[Stored dataset items]
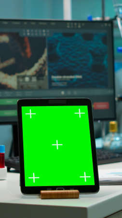 Scientist standing at monitor in background analysing virus evolution while tablet with mock-up green screen working in front. Man lab researcher examining vaccine developent bringing blood samples
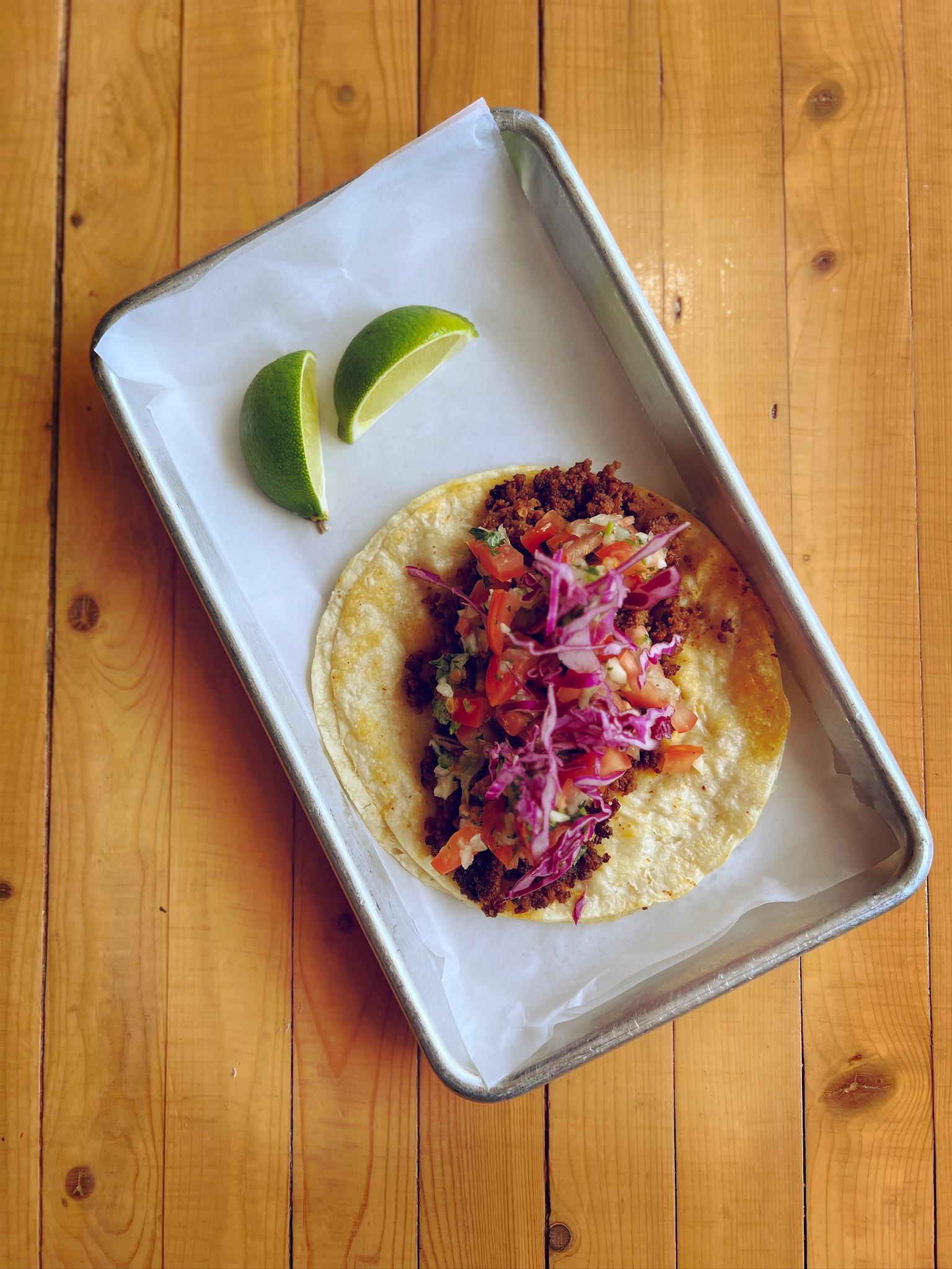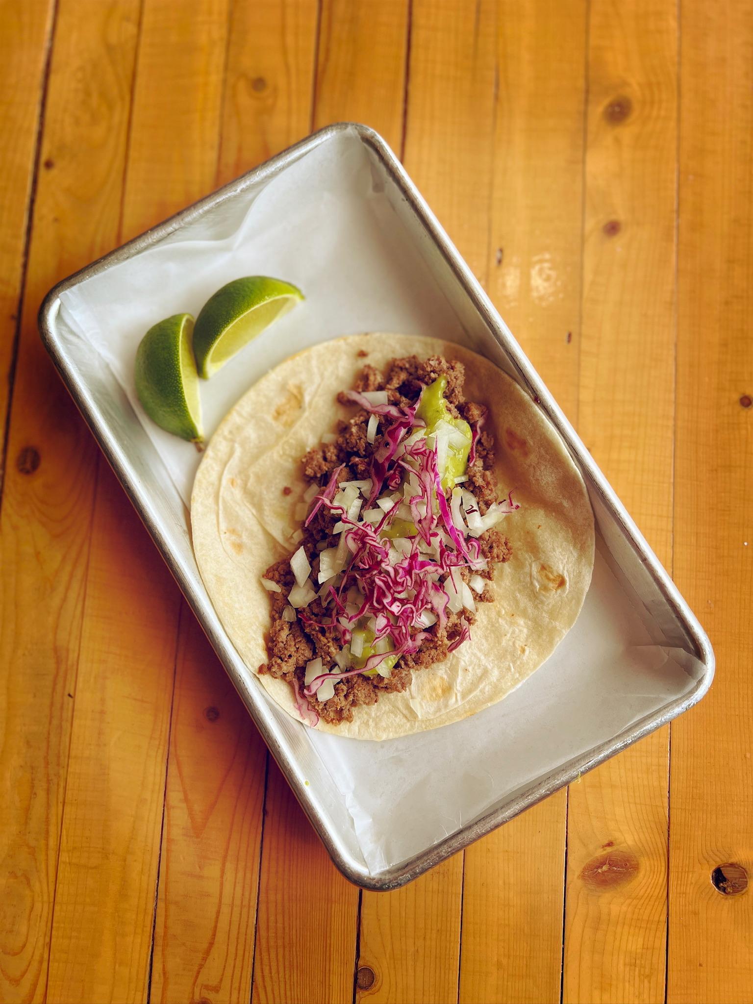 mexican style lentil chorizo, crisp red cabbage, fresh cilantro
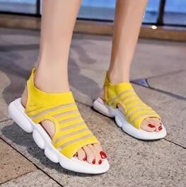 こちらのサンダルは、厚底のボーダー柄が可愛い大人可愛いサンダルです♪
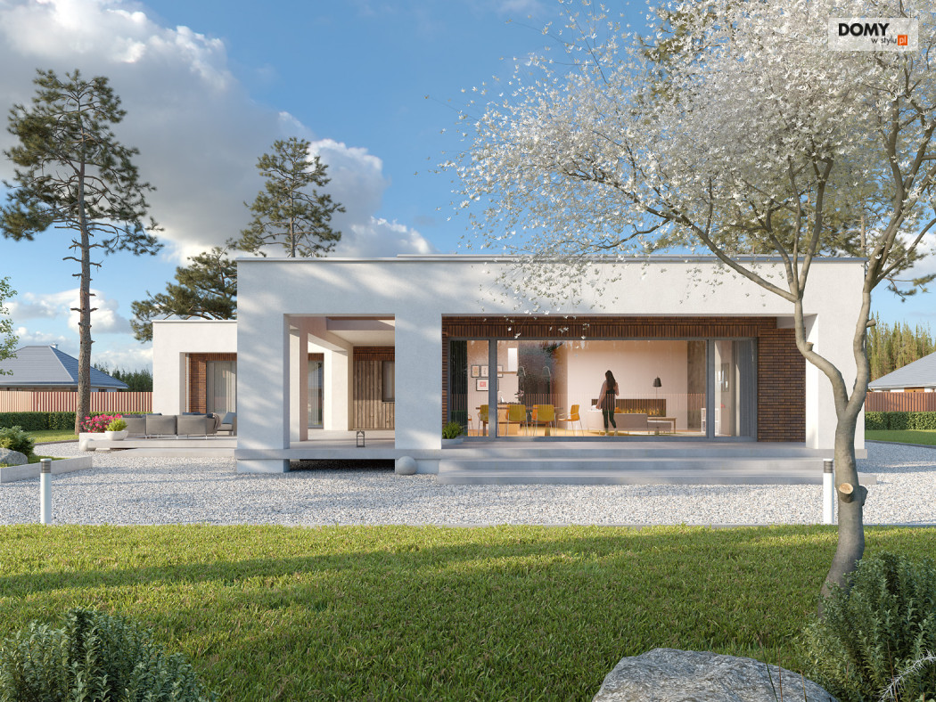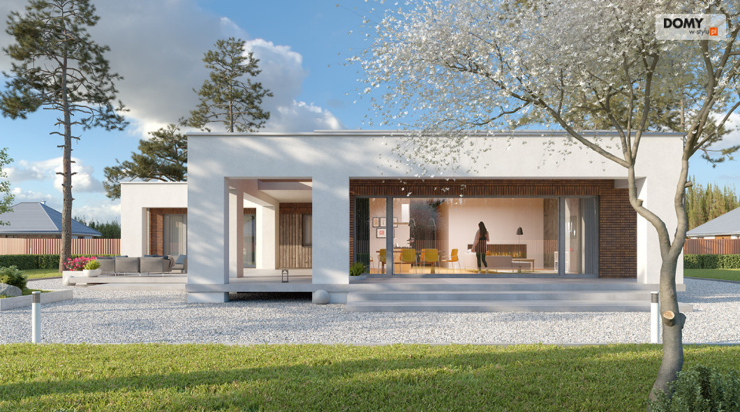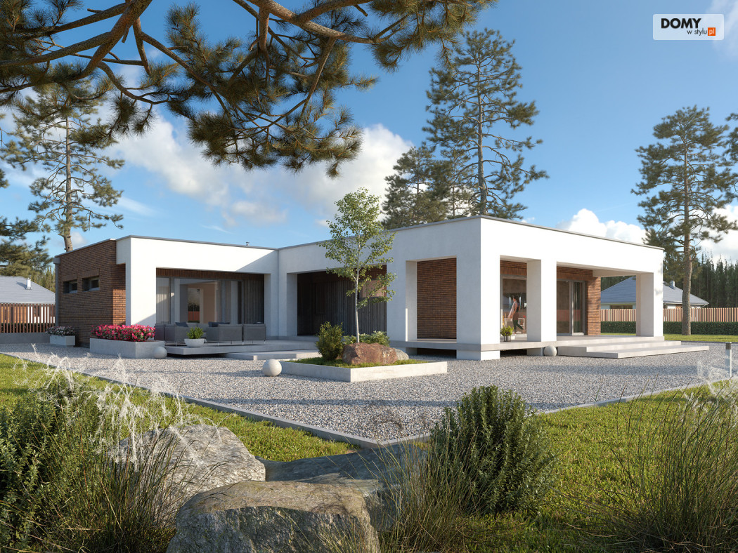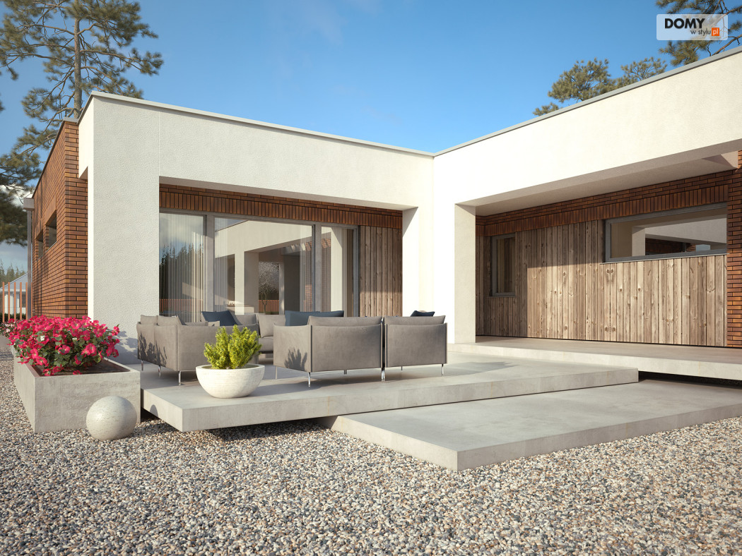 Jadeit 2 to projekt domu parterowego, zaprojektowany z myślą o oryginalnej bryle oraz ciekawych rozwiązaniach elewacyjnych. Projekt podzielono na trzy strefy użytkowe. Strefę dzienną tworzy salon z kuchnią i jadalnią, który jest otwarty na ogród poprzez duże przeszklenie. Strefa nocna to cztery sypialnie, z czego jedna to apartament gospodarzy z przestronną łazienką z widokiem na ogród. Dodatkowo na parterze znajduje się ogólnodostępna łazienka oraz kotłownia.
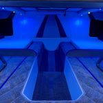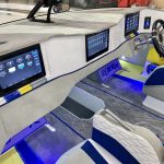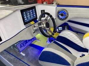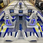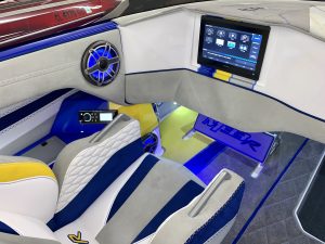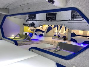 James traveled to the facility during the build a couple of times and says he was impressed by the process. “It’s like building a custom home,” he says, “right down to the color of the thread I wanted to the upholstery and fabrics and all the different panels sections. They even went the extra mile on things I hadn’t even thought about, like adding more LEDs underneath the boat.”
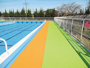 | 仕様・規模 | プール本体:アンカー固定工法 M-PG15 約450m2 プールサイド:アンカー固定工法 M-YMX 約300m2 |
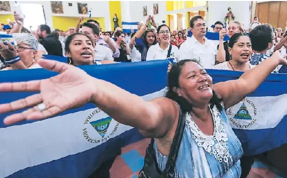 FELIGRESÍA. Un grupo de nicaragüenses, congregados en la Catedral de Managua, piden al gobierno de Daniel Ortega la liberación de los presos políticos.
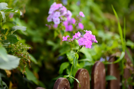 Beautiful purple phlox on bed in the garden. Phlox (Phlox paniculata) are vivid summer and autumn flowers
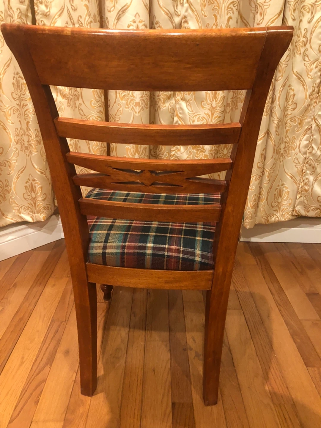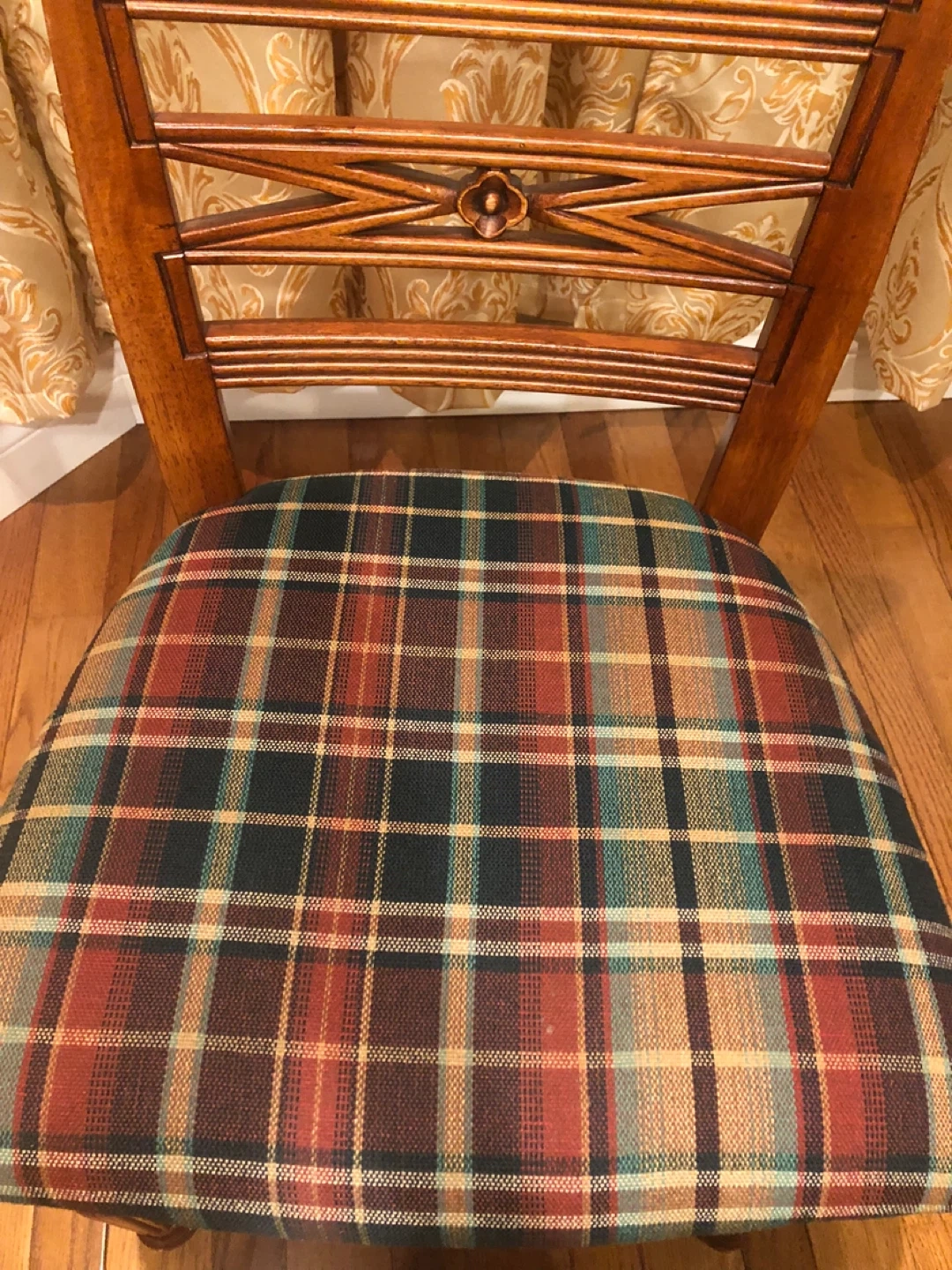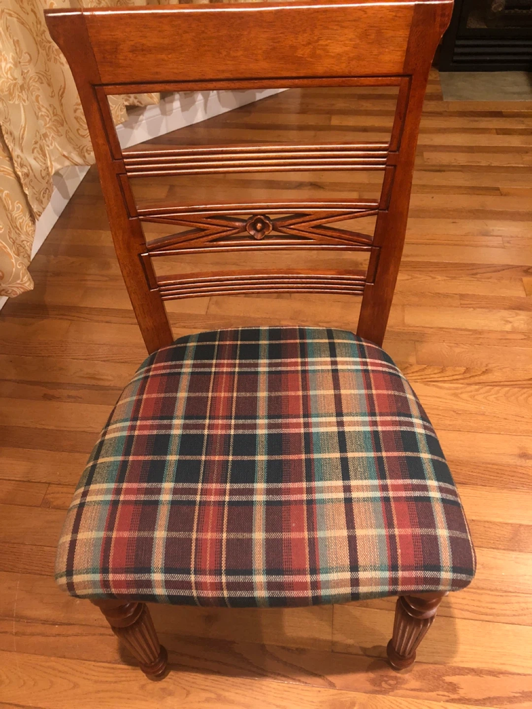 Here's a lovely wooden dining chair with a cozy plaid seat! It's perfect for adding a touch of warmth to your dining area or kitchen. The chair features a classic design with a decorative back. The seat has a traditional plaid pattern in shades of green, red, and brown.
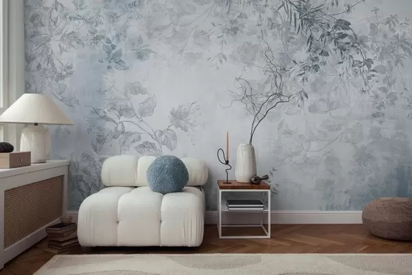Fotomurales Arte floral vintage con textura, ilustraciones de delicadas flores y hojas de jardín en estilo dibujo, tonos azules suaves Nr. w09402v1

■ **What you are asked to do**: The records above are to be repeated word for word, with the pictures omitted.

■ **Solution to this problem**:
 Scientist standing at monitor in background analysing virus evolution while tablet with mock-up green screen working in front. Man lab researcher examining vaccine developent bringing blood samples
 mexican style lentil chorizo, crisp red cabbage, fresh cilantro
 こちらのサンダルは、厚底のボーダー柄が可愛い大人可愛いサンダルです♪
 Jadeit 2 to projekt domu parterowego, zaprojektowany z myślą o oryginalnej bryle oraz ciekawych rozwiązaniach elewacyjnych. Projekt podzielono na trzy strefy użytkowe. Strefę dzienną tworzy salon z kuchnią i jadalnią, który jest otwarty na ogród poprzez duże przeszklenie. Strefa nocna to cztery sypialnie, z czego jedna to apartament gospodarzy z przestronną łazienką z widokiem na ogród. Dodatkowo na parterze znajduje się ogólnodostępna łazienka oraz kotłownia.
 James traveled to the facility during the build a couple of times and says he was impressed by the process. “It’s like building a custom home,” he says, “right down to the color of the thread I wanted to the upholstery and fabrics and all the different panels sections. They even went the extra mile on things I hadn’t even thought about, like adding more LEDs underneath the boat.”
 | 仕様・規模 | プール本体:アンカー固定工法 M-PG15 約450m2 プールサイド:アンカー固定工法 M-YMX 約300m2 |
 FELIGRESÍA. Un grupo de nicaragüenses, congregados en la Catedral de Managua, piden al gobierno de Daniel Ortega la liberación de los presos políticos.
 Beautiful purple phlox on bed in the garden. Phlox (Phlox paniculata) are vivid summer and autumn flowers
 Here's a lovely wooden dining chair with a cozy plaid seat! It's perfect for adding a touch of warmth to your dining area or kitchen. The chair features a classic design with a decorative back. The seat has a traditional plaid pattern in shades of green, red, and brown.
Fotomurales Arte floral vintage con textura, ilustraciones de delicadas flores y hojas de jardín en estilo dibujo, tonos azules suaves Nr. w09402v1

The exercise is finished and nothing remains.